At least during the third workout of camp in the late-afternoon heat, those second-team chances seemed to be going to players who had at least been through a spring practice with the program. During one team period in particular, redshirt freshman Conner Crowell was flanked by true freshmen Joshua Perry and Luke Roberts -- a pair of early enrollees.

But there's at least one challenger that is consistently drawing praise in the early stages of camp, with true freshman Jamal Marcus again getting singled out as a potential early factor at linebacker thanks to his raw ability.

"There’s a guy that when you ask what’s very important, what coach (Urban) Meyer says is a core value, it’s going from Point A to Point B very, very, very fast," Fickell said. "Jamal Marcus does that. At times you have to try to control yourself as you go from Point A to Point B.

"But I can assure you I’d rather have to teach a guy how to control himself rather than teach him how to go really hard."

That problem, at least, probably wouldn't contribute to many restless evenings for Fickell. For now, it seems he's still got some things on his mind.

Double down: On the scale between 1 and 10, the Buckeyes still have plenty of room for improvement.

After spring practice, offensive coordinator Tom Herman would have rated Ohio State's ability to throw the ball as a 2.

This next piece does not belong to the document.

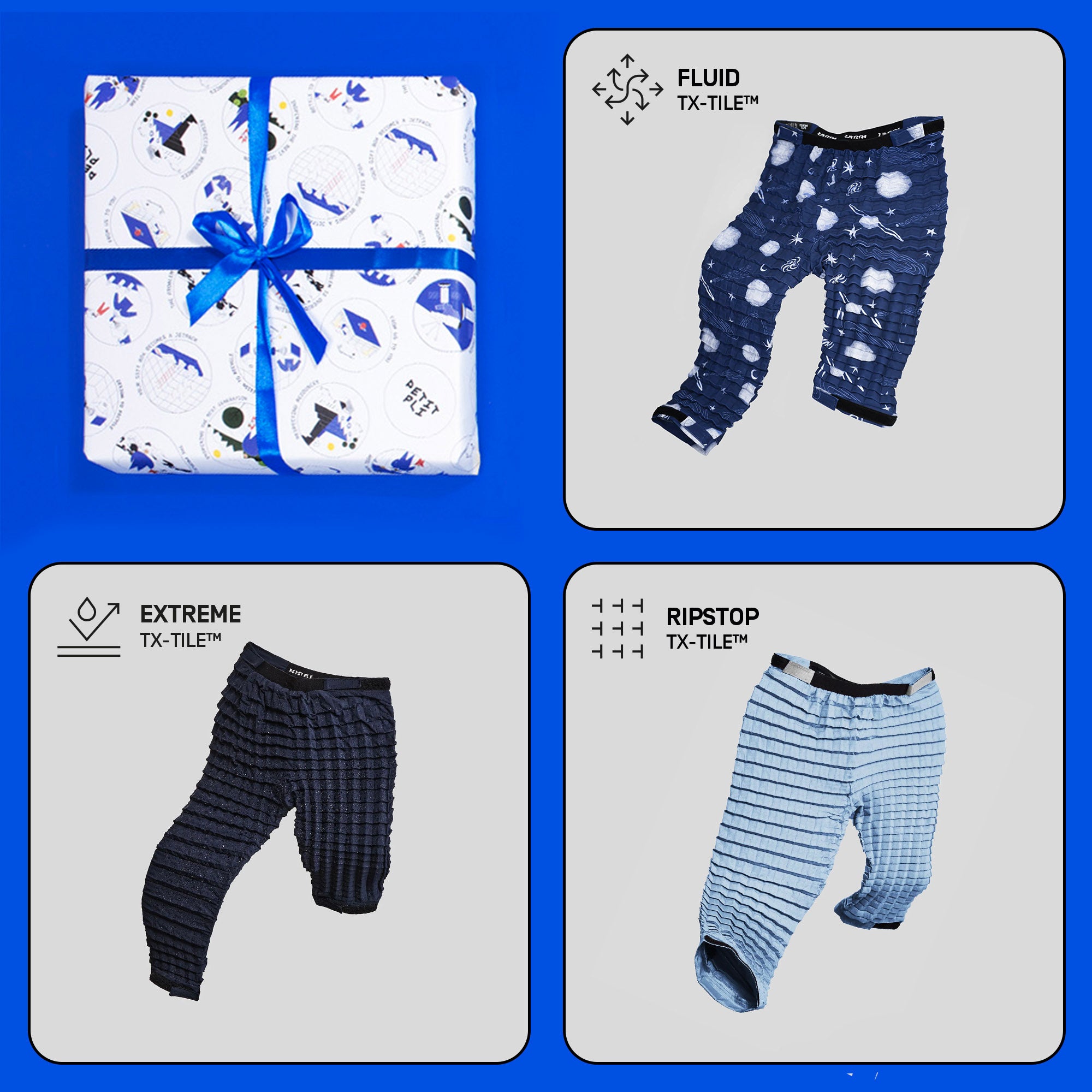 This all-condition ready bundle features our waterproof bottoms to keep them dry during rainy escapades, soft fluid textile bottoms for maximum comfort, and versatile mid-layer bottoms perfect for layering in any weather. Whether they’re exploring new worlds or just the garden, this bundle ensures they’re prepared for whatever comes their way.

Starting camp after a productive offseason, he doubled it on Tuesday to a 4.

And while that surely isn't where Herman might like his attack to be and definitely isn't where he's planning on it ending up, that doesn't mean he's not pleased with what he's seeing early in camp.

"Lightyears, lightyears, lightyears, lightyears better," Herman said. "We actually can throw and catch a football.

"We’re still not real good, but we’re a lot better than we were at the end of the spring. It’s a testament to our guys and how much they worked in the offseason."

The credit apparently goes to both the guys throwing and those catching, though the former has impressed quickly this month with improved footwork from Braxton Miller.

The sophomore quarterback flashed a strong arm again on Tuesday, along with an ability to fit the ball in tight spots and nice accuracy while throwing on the move. But it's not just the technical issues Miller has worked on that has helped him bump up that rating Herman gave the passing game so far.

"I think he’s a lot more mentally confident and you can see a little bounce in his step," Herman said. "He’s certainly still got a long ways to go, but you can tell he studied in the offseason and he’s worked with his wideouts in the offseason and that’s paid dividends here as we’ve started camp."

On the move: Corey "Philly" Brown might be the leading available candidate to fill the hybrid pivot position in Meyer's version of the spread offense.

But if the junior receiver is going to do it in the absence of Jordan Hall, apparently nobody has told Brown about it yet.

"Hopefully, I would love to do that," Brown said. "You know, obviously having Jordan out is bad, but hopefully I can step in and fill in for him.

"I did play running back in high school, but if the coaches want me to do it, I’ll do it. It doesn’t really matter to me."

The position requires versatility as both a rusher and a receiver, skills that Brown could bring to the table for the Buckeyes until Hall returns from the cut tendon in his right foot that is expected to keep him out for at least two games.

Brown flashed his speed and elusiveness while lined up at receiver on Tuesday, taking one short crossing pattern and turning it up field for a decent gain before being touched. He's also been working to establish himself as a reliable target for Miller by hanging on to the football, and where he lines up doesn't really make any difference there.

"I’m just trying to learn everything," Brown said. "Coach Meyer wants me to learn all the wideout spots, there’s no set position right now. Everybody is just working to become a starter, and it’s pretty much even for everybody."